Toplum en az siyasi partilere güveniyor!
Meclis'e ve Sendikalar'a da öyle...
Göç, Kimlik ve Hak Çalışmaları Merkezi’nin (CMIRS) verileri bu yönde.
Meclis'i de kendi seçiyor ya, işin aslı, toplum galiba kendine güvenmiyor.
* * *
Ama düşünsenize Hükümet'e güven notu 5 üzerinden 2.44, sendikalara 2.55 !
Dip dibe bir güvensizlik.
İkisinin konumu çok farklı oysa...
* * *
Elbette sebebi anlaşılabiliyor.
Geçenlerde bir sendikamız seçim yaptı.
Listeler dolaştı (!) Kulisler dalaştı (!)
Başkan “dip”te kaldı!
Kendi “iktidarı”nı kuşandı herkes.
Giden gitti, kalan sağlar için alışılmış açıklama yapıldı: "Demokrasi kazandı"
* * *
Baktım isimlere...
15 seneden fazla koltuğunu koruyan var.
"Bu koltuklar size kalmaz" diye bağırdığı bakanlar defalarca gitmiş!
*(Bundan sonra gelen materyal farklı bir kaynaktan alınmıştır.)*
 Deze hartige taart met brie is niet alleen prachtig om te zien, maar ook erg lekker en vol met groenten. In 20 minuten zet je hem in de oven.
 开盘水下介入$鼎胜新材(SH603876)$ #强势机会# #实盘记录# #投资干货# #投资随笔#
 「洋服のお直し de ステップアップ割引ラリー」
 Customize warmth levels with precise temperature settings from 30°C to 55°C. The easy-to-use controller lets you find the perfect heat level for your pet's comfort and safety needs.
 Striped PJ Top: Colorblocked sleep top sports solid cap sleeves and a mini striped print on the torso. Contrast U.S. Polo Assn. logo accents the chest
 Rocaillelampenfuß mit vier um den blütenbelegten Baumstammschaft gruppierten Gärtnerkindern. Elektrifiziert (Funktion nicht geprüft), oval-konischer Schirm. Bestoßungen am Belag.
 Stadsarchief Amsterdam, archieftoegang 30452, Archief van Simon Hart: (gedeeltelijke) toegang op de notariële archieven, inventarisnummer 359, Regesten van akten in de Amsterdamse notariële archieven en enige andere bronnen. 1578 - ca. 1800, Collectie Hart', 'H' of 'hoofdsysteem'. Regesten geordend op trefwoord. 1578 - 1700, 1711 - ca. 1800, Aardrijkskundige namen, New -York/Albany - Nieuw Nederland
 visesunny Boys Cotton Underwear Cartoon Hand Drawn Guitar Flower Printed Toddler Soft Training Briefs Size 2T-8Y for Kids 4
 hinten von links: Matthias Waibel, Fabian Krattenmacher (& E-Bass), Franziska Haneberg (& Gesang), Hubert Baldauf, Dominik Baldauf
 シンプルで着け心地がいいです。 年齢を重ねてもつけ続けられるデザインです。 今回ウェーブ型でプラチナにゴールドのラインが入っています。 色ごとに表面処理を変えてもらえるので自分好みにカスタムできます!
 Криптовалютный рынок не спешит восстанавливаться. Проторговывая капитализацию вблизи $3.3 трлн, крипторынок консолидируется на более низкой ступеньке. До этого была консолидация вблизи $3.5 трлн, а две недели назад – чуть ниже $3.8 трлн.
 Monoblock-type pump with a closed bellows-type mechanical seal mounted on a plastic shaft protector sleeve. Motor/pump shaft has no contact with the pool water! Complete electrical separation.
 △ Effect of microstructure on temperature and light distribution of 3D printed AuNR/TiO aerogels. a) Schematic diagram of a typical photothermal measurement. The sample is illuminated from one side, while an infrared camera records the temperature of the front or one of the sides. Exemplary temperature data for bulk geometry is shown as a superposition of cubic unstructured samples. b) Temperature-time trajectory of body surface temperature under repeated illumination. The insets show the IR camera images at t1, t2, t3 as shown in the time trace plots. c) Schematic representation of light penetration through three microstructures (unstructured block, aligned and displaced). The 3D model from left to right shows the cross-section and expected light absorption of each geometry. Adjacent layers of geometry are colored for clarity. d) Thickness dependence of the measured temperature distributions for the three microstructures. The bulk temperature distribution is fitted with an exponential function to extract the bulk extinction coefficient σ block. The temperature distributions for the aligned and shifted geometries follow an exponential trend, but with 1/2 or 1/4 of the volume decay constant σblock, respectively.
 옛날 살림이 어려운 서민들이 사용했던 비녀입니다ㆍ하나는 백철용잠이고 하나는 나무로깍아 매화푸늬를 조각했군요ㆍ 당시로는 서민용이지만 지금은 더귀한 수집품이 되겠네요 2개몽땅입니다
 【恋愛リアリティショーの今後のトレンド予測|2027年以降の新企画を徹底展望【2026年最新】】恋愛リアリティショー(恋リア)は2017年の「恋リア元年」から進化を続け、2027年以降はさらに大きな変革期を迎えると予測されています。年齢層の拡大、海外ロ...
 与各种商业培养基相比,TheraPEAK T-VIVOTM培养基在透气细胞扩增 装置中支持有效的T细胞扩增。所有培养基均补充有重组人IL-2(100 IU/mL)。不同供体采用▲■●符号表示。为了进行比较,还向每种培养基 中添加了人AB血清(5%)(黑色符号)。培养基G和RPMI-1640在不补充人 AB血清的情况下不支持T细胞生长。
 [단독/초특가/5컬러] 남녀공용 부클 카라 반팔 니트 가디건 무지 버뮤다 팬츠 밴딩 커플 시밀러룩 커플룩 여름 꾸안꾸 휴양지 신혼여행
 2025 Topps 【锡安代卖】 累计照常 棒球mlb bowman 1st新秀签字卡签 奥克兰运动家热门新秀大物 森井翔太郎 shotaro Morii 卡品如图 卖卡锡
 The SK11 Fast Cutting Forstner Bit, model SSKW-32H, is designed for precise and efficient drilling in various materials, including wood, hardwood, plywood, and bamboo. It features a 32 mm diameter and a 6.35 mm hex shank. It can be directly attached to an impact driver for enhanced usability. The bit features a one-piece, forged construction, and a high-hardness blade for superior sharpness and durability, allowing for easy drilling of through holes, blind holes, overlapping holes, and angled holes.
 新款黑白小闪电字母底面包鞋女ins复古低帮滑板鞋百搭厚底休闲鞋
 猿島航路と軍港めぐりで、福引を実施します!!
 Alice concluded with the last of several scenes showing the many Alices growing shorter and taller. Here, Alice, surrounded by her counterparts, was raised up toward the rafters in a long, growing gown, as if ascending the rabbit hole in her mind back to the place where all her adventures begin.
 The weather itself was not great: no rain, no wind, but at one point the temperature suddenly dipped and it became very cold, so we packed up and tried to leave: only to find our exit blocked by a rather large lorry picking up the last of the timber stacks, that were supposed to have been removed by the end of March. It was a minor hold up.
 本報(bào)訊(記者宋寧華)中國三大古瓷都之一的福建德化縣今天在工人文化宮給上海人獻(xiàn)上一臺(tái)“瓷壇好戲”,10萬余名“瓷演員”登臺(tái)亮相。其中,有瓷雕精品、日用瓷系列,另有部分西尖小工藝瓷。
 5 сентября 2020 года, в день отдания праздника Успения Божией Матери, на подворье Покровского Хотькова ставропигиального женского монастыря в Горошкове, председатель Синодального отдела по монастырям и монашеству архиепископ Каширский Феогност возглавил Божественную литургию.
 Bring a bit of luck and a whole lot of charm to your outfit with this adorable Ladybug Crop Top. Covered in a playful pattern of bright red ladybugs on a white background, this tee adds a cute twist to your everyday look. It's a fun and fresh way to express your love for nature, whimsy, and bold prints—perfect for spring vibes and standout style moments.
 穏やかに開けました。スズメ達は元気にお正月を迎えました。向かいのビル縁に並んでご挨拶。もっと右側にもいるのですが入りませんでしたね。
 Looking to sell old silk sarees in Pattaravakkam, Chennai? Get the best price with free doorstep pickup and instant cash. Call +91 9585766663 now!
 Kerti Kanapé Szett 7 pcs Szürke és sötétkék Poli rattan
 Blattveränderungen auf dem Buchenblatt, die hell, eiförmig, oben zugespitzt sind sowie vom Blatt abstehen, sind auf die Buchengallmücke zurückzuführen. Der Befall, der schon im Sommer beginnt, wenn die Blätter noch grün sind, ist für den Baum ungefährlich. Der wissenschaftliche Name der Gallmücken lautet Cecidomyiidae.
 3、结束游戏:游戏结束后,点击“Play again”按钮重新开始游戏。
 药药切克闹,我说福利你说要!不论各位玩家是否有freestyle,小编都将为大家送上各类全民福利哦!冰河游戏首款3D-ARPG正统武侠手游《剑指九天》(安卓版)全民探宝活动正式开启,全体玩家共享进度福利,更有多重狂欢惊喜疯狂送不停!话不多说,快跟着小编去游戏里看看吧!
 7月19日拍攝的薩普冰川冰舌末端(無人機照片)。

Dört defa Cumhurbaşkanı değişmiş!
Her partide üç, dört başkan eskitmiş!
Bir yirmi kez hükümet kurulmuş, bozulmuş.
Sendikacı yerinde kalmış.
Sözü pratiği tutmamış, yaşadığı hayat isyanını tekzip etmiş...
Yine yerinde! Yine mağdur! Yine öfkeli!
* * *
Peki bu "güvensizlik sorunu" için aynaya bakan var mı sizce?
İşin aslı, siyasi partiler çok daha fazla "hesaplaşıyor" kendi içinde...
Yenileniyorlar...
O neden hep “eski” üzerinden deşiliyorlar.
Peki ya diğer unsurlar?
Hele “sol kültür”e sarılanlar.
Yani hayatı değiştirecek olanlar...
Pek çoğunun lügatinde ayna yok...
Kolaycı bir ezber üzerinden, kendi fasit dairelerinde, kendilerini tekrarlıyorlar.
"Küçük dağları ben yarattım" havası!
Ne oluyor sonra?
Çocukların isyanıyla başlayan bir eylem mesai saatlerinin azaltılması üzerinden bir uzlaşı ile tamamlanabiliyor.
* * *
Kişisel menfaatlere hizmet eden yalancı ve talancı "iktidar"lar değil sadece...
“İktidar”ın sarsılmaz bir dişlisine dönüşen, toplumsal fayda üretmeyen, adil ve eşitlikçi gelir dağılımını umursar gibi görünen ama bencilliği büyüten, günlük pratiklerde çözümlerin değil krizlerin unsuru
olan kim varsa, nerede varsa, ne kadar varsa tümü çekilmeli kenara!